*** GIVEN DATA Section Begins ***
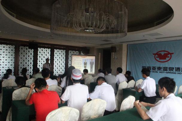 为了让新员工更好的熟悉企业文化,融入酒店工作、生活,同时规范新员工日常工作行为,使其能够高效地完成本职工作,保证高水平的服务质量,海南亚泰温泉酒店于2017年4月7日下午14:00分开展酒店月度新员工入职培训,各部门新员工均参加了本次培训。
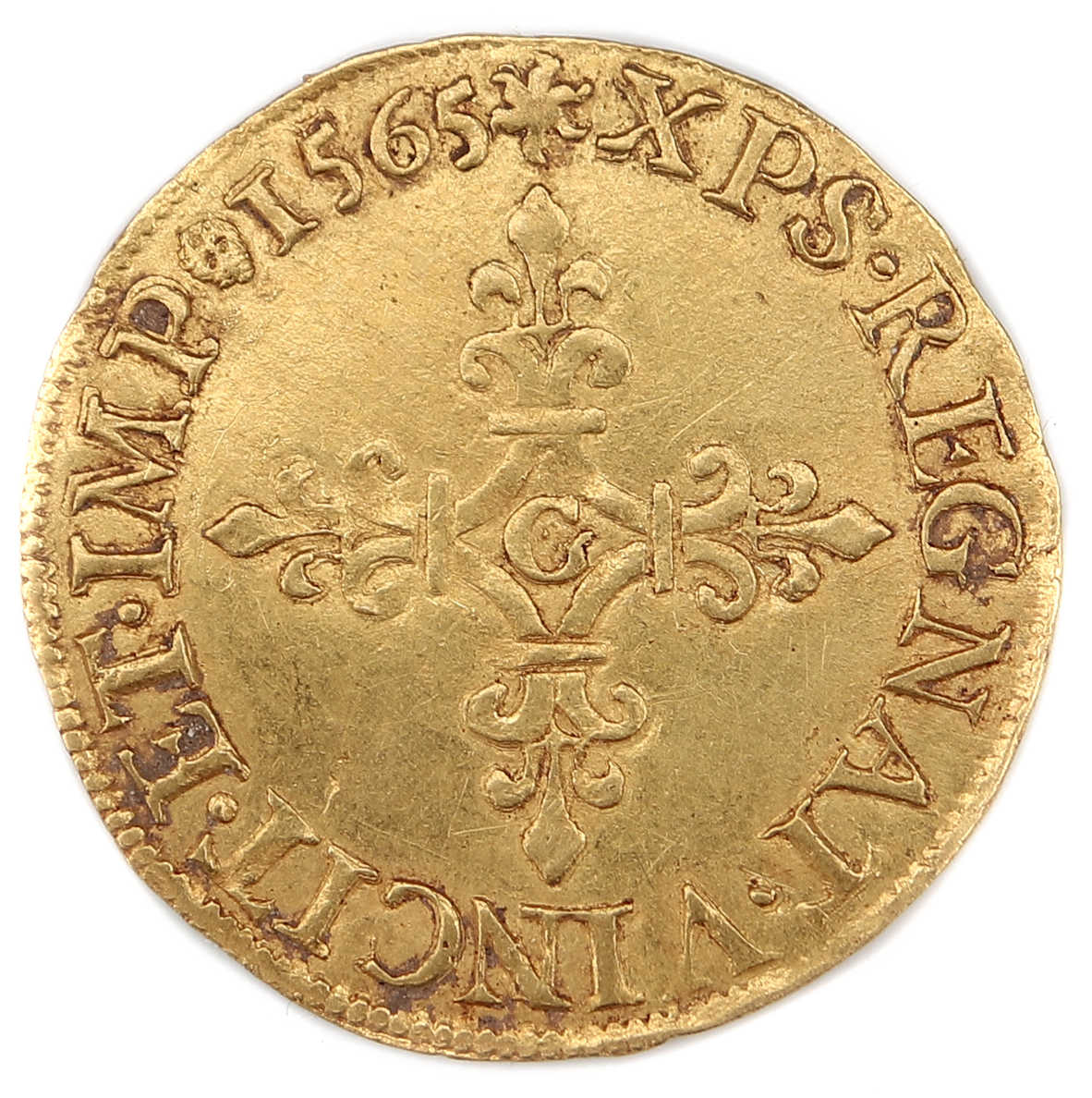 de la croix fleurdelisée) Point secret : 8éme (au droit) Millésime : 1565 Chiffre de frappe connu : 38 010 ex (avec 1/2 Ecus) |
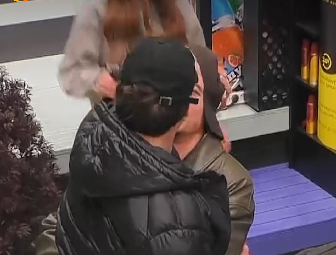 Teksa bisedonin me banorët e tjerë, dyshja filloi t’i afrohej njëri-tjetrit në mënyrë të qëllimshme dhe me shumë humor. Me një koordinim që dukej sikur ishte menduar paraprakisht, ata u shtirën sikur po shkëmbenin një puthje të vërtetë.
*** GIVEN DATA Section Ends ***
Copy the full listing above exactly, apart from the pictures.

 为了让新员工更好的熟悉企业文化,融入酒店工作、生活,同时规范新员工日常工作行为,使其能够高效地完成本职工作,保证高水平的服务质量,海南亚泰温泉酒店于2017年4月7日下午14:00分开展酒店月度新员工入职培训,各部门新员工均参加了本次培训。
 de la croix fleurdelisée) Point secret : 8éme (au droit) Millésime : 1565 Chiffre de frappe connu : 38 010 ex (avec 1/2 Ecus) |
 Teksa bisedonin me banorët e tjerë, dyshja filloi t’i afrohej njëri-tjetrit në mënyrë të qëllimshme dhe me shumë humor. Me një koordinim që dukej sikur ishte menduar paraprakisht, ata u shtirën sikur po shkëmbenin një puthje të vërtetë.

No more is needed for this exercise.